REPUBLIC OF THE PHILIPPINES, petitioner, vs. THE HONORABLE COURT OF APPEALS and
CORAZON NAGUIT, respondents.

FACTS
On January 5, 1993, Naguit filed a petition for registration of title of a parcel of land. The
application sought a judicial confirmation of imperfect title over the land.

The public prosecutor, appearing for the government, and Angeles opposed the petition. The
court issued an order of general default against the whole world except as to Angeles and the
government.

The evidence revealed that the subject parcel of land was originally declared for taxation
purposes in the name of Urbano in 1945. Urbano executed a Deed of Quitclaim in favor of the
heirs of Maming, wherein he renounced all his rights to the subject property and confirmed the
sale made by his father to Maming sometime in 1955 or 1956. Subsequently, the heirs of
Maming executed a deed of absolute sale in favor of respondent Naguit who thereupon started
occupying the same.

Naguit constituted Blanco, Jr. as her attorney-in-fact and administrator.
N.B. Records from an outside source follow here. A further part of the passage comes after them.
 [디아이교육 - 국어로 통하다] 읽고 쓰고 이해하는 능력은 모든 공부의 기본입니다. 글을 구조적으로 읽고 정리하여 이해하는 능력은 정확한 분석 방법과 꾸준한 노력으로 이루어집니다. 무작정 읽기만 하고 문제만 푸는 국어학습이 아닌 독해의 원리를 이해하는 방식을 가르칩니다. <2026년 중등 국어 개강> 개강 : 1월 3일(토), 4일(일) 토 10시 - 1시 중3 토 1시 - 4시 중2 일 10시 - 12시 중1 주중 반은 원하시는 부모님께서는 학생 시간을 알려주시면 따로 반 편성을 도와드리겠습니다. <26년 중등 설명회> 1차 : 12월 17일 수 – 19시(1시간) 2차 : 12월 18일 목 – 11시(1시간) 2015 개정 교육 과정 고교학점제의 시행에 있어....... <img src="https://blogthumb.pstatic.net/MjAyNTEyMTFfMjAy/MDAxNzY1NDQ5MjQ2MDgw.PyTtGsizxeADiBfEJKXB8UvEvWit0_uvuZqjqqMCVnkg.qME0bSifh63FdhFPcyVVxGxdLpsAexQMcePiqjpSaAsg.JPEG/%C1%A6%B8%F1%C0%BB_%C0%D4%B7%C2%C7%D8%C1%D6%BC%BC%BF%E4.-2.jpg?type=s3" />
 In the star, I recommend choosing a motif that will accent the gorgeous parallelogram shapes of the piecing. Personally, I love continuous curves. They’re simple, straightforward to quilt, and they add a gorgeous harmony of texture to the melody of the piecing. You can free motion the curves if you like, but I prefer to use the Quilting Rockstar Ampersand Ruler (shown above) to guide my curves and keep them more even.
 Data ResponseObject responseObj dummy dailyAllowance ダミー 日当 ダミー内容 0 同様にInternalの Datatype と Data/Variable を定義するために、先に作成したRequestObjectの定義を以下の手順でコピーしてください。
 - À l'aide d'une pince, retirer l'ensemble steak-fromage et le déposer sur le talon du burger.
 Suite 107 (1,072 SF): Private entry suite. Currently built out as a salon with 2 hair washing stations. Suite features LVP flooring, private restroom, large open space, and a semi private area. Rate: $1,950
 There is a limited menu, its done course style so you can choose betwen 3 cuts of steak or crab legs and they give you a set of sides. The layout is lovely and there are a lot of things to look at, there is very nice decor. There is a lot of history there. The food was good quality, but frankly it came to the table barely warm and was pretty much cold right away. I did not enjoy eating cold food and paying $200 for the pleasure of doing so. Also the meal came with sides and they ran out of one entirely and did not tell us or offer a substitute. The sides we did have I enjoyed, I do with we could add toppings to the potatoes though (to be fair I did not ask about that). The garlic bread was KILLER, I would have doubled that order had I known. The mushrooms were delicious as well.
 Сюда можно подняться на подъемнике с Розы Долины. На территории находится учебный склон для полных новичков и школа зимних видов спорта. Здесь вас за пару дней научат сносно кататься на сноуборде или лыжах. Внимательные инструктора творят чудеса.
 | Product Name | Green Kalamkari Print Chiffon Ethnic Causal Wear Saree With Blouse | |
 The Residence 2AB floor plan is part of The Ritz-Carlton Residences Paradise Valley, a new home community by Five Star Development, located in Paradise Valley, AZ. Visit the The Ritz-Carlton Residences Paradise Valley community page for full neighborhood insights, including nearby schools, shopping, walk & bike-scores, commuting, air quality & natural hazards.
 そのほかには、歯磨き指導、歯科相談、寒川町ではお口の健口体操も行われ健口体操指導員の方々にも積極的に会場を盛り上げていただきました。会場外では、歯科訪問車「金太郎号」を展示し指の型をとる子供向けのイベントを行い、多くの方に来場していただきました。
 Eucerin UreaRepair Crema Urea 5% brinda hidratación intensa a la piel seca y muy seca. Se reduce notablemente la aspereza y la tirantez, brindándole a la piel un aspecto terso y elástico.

The administrator
introduced improvements, planted trees in addition to existing coconut trees which were then
50 to 60 years old, and paid the corresponding taxes due on the subject land.
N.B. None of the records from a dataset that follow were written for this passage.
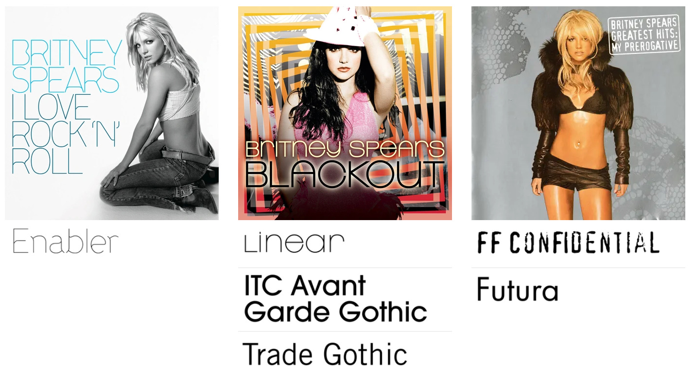 For years, these album covers, posters and press images felt iconic but oddly anonymous — vibes without credits. Fonts In Use does the detective work, tracing the actual typefaces behind pop culture’s biggest moments, from Britney Spears’ early-2000s era to other chart-dominating visuals. It’s a reminder that pop history isn’t just sound and spectacle — it’s also letterforms, layout decisions, and designers quietly shaping how fame looks.
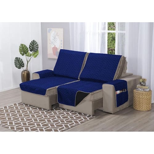 Capa de Sofá Retrátil Protetor 4 Lugares 2,40m de Assento Dupla Face Duas Cores Cor: Azul royal e preto Além de manter seu sofá limpo e novo por mais tempo, os protetores de sofá são grandes aliados na decoração, pois você pode combinar com cortinas, tapetes, capas de almofada e itens decorativos. Também são ideais para quem tem pets que adoram tirar um cochilo no sofá.
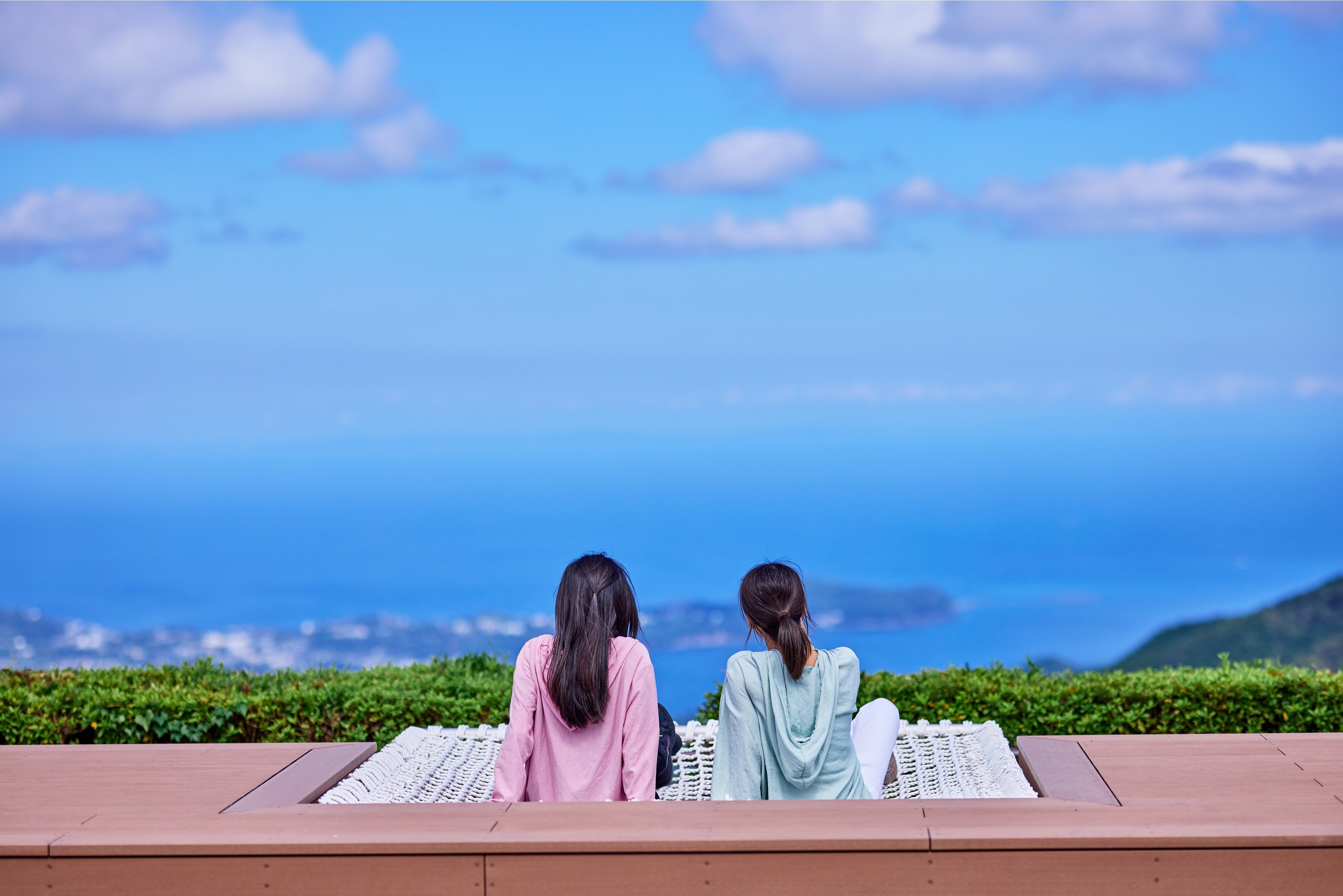 富士山をはじめ山々を一望できるデッキや、寝転びながら駿河湾や初島の景色を楽しめるハンモック付のデッキなど、十国峠山頂広場を囲むように設置された様々な形状のデッキから、目の前に広がる360°パノラマをお楽しみいただける展望テラスです。十国峠の文字を象った巨大モニュメント、“十の国”を指す矢印モニュメントなど、多数のフォトスポットがあります。
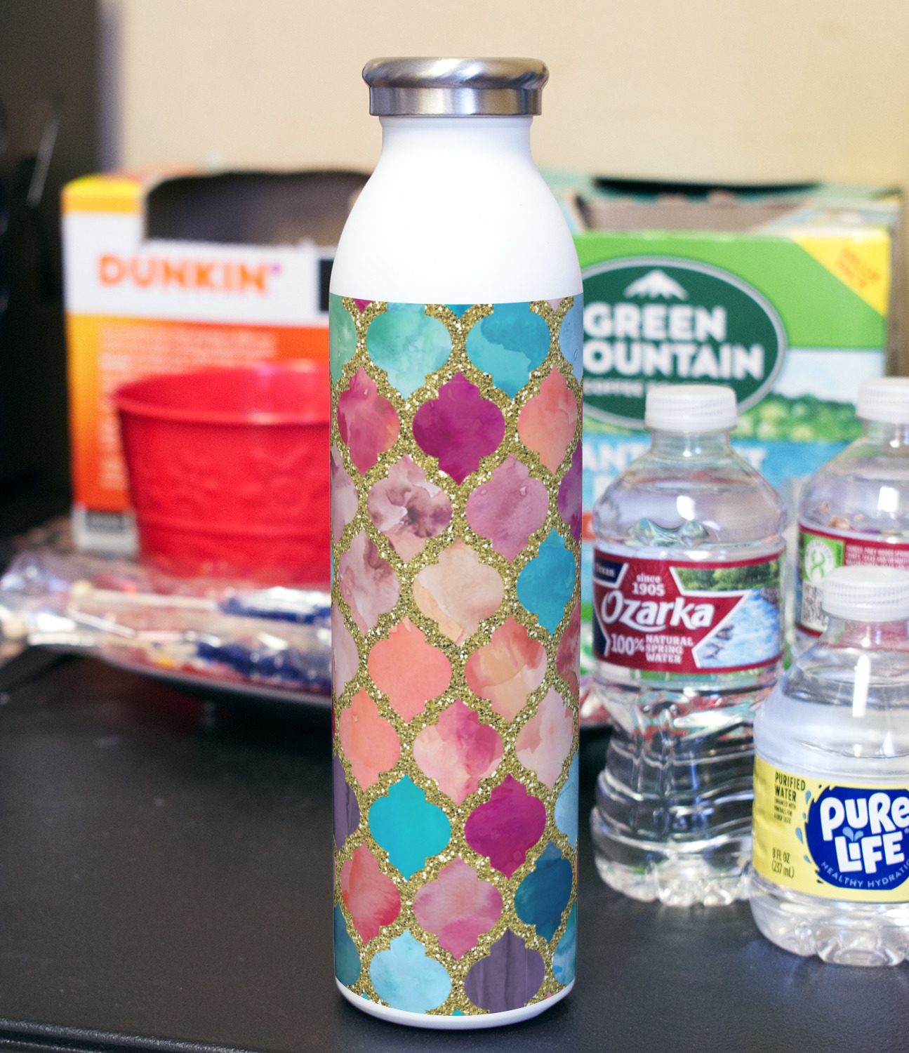 With the double wall insulated construction this bottle will keep drinks cold for 24 hours and hot for 12 hours. The large size allows for a beautiful large artwork space to allow you to make this bottle all your own.
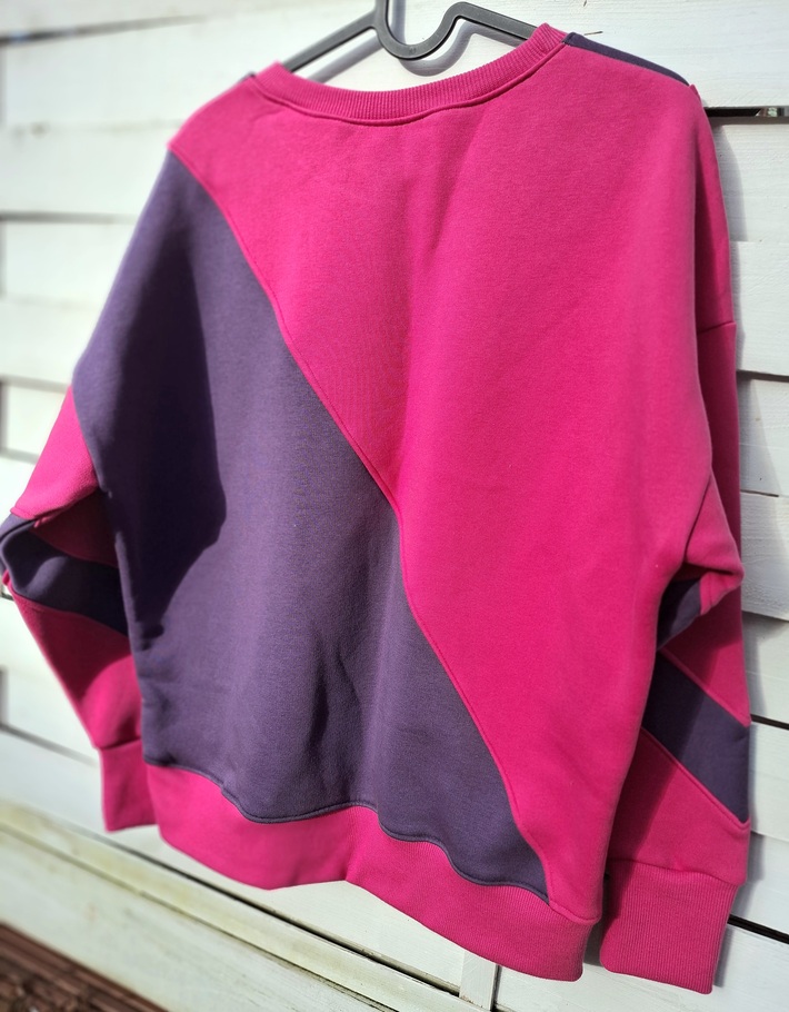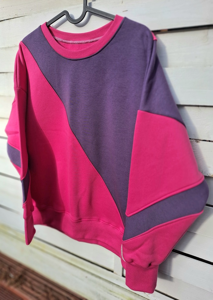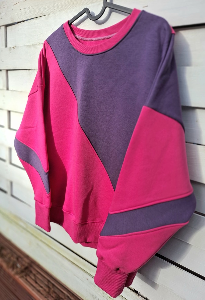 Przepiękna i zjawiskowa damska bluza z kolekcji AURIS. Fason owersize, krótka. Całość uszyta jest z dzianiny dresowej drapanej premium (na misiu pod spodem) o gramaturze ok 300g . Połączenie kolorystyczne to róż w połączeniu z fioletem. Wygląda na prawdę zjawiskowo.

Naguit and her predecessors-in-interest had occupied the land openly and in the concept of
owner without any objection from any private person or even the government until she filed
her application for registration.

The OSG argued that the property which is in open, continuous and exclusive possession must
first be alienable. Since the subject land was declared alienable only on October 15, 1980,
Naguit could not have maintained a bona fide claim of ownership since June 12, 1945, as
required by Section 14 of the Property Registration Decree, since prior to 1980, the land was
not alienable or disposable.

The OSG suggested an interpretation that all lands of the public domain which were not
declared alienable or disposable before June 12, 1945 would not be susceptible to original
registration, no matter the length of unchallenged possession by the occupant.

Issue
Whether or not it is necessary under Section 14(1) of the Property Registration Decree that the
subject land be first classified as alienable and disposable before the applicants possession
under a bona fide claim of ownership could even start.

Held

Section 14 of the Property Registration Decree, governing original registration proceedings,


provides:

SECTION 14. Who may apply. The following persons may file in the proper Court of First
Instance an application for registration of title to land, whether personally or through their duly
authorized representatives:

(1) those who by themselves or through their predecessors-in-interest have been in open,
continuous, exclusive and notorious possession and occupation of alienable and disposable
lands of the public domain under a bona fide claim of ownership since June 12, 1945, or earlier.

(2) Those who have acquired ownership over private lands by prescription under the provisions
of existing laws.

There are three obvious requisites for the filing of an application for registration of title under
Section 14(1) that the property in question is alienable and disposable land of the public
domain; that the applicants by themselves or through their predecessors-in-interest have been
in open, continuous, exclusive and notorious possession and occupation, and; that such
possession is under a bona fide claim of ownership since June 12, 1945 or earlier.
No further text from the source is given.